It’s a little sad but also positive, I suppose, that every time there’s a national scandal we learn more about government and the law. How many of you had ever heard of the Emoluments Clause of the Constitution until a few months ago? How much have you learned lately about national security, counter-intelligence, and even the computer systems in the White House? In this context, one of the things we’ve heard about, particularly relevant, because it’s about former National Security Adviser Mike Flynn, is something called the Logan Act – a heretofore obscure 18th-century federal law – it suddenly could be at the heart of Flynn’s desire for immunity before testifying before Congress, or talking to the FBI. Here to explain the Logan Act and more about the law is my guest, Stephen Vladeck. He’s a professor of law at the University of Texas Law School. His teachings and research focus on federal jurisdiction, constitutional law, and national security law. It is my pleasure to welcome Stephen Vladeck here to the program. Stephen, thanks much for joining us.
Stephen Vladeck: Thanks Jeff, it’s a real pleasure to be with you.

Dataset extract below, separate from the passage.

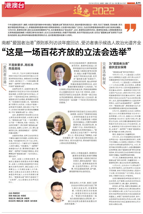 今年全国两会前夕,南都、N视频在国内媒体中率先推出“爱国者治港”原则系列访谈,就如何看待和落实这一原则,专访了梁振英、范徐丽泰、陈冯富珍等香港各界权威人士。多篇报道得到香港中联办官网连续转发,以及

Jeff: It’s great to have you here. This obscure law from the 18th century, I’m sure that even as a law professor, is not something that you had been thinking about a whole lot until a couple of months ago. Tell us a little bit about the Logan Act.
Stephen: Sure, I mean the Logan Act actually finds a way to sort of come up every now and then. it might help to start with the background. So Dr. George Logan was a Pennsylvania man and a prominent supporter, right at the very end of the 18th century, of Thomas Jefferson, and of the faction at the time with what’s known as the Democratic Republicans. This is of course while the Federalists, led by President John Adams, were still in control in both the White House and Congress. And this meant that there were some pretty big divisions on US foreign policy, perhaps none bigger than whether US foreign policy should be more positively disposed toward England, which was of course the view of the Federalists, or towards France which was the view of the Jeffersonians. Of course at the time you couldn’t be both, it was one or the other. Anyway, so George Logan goes to France and purports to commence various discussions and negotiations with various emissaries of the French government on the theory that perhaps you can somehow frustrate the foreign policy of the Adams administration, and promote what he hopes is going to be a foreign policy of the, as yet not-realized, Jefferson administration. This causes all kinds of scandal once it’s reported back at home, and it leads Congress to pass a statute that is still on the books today. And that is, you know, what’s named after Dr. George Logan, that we now call the Logan Act, a criminal prohibition on the basically involvement and intercourse in foreign relations and foreign policy by Americans. So if folks actually want to look it up online, I mean the statute is, 18 U.S.C. § 953. And what it basically says today is, “Any citizen of the United States, wherever he may be, who, without authority of the United States, directly or indirectly commences or carries on any correspondence or intercourse with any foreign government or officer or agent thereof, with intent to influence the measures or conduct of any foreign government or of any officer or agent thereof, in relation to any disputes or controversies with the United States, or to defeat the measures of the United States,” is committing a crime, and basically could be fined, or imprisoned, or both. That statute is still there, but Jeff, it’s never been used, and so we hear about it every now and then, you know, when we have prominent Americans doing things that look like they’re conducting foreign policy, as you say, most recently with Mike Flynn.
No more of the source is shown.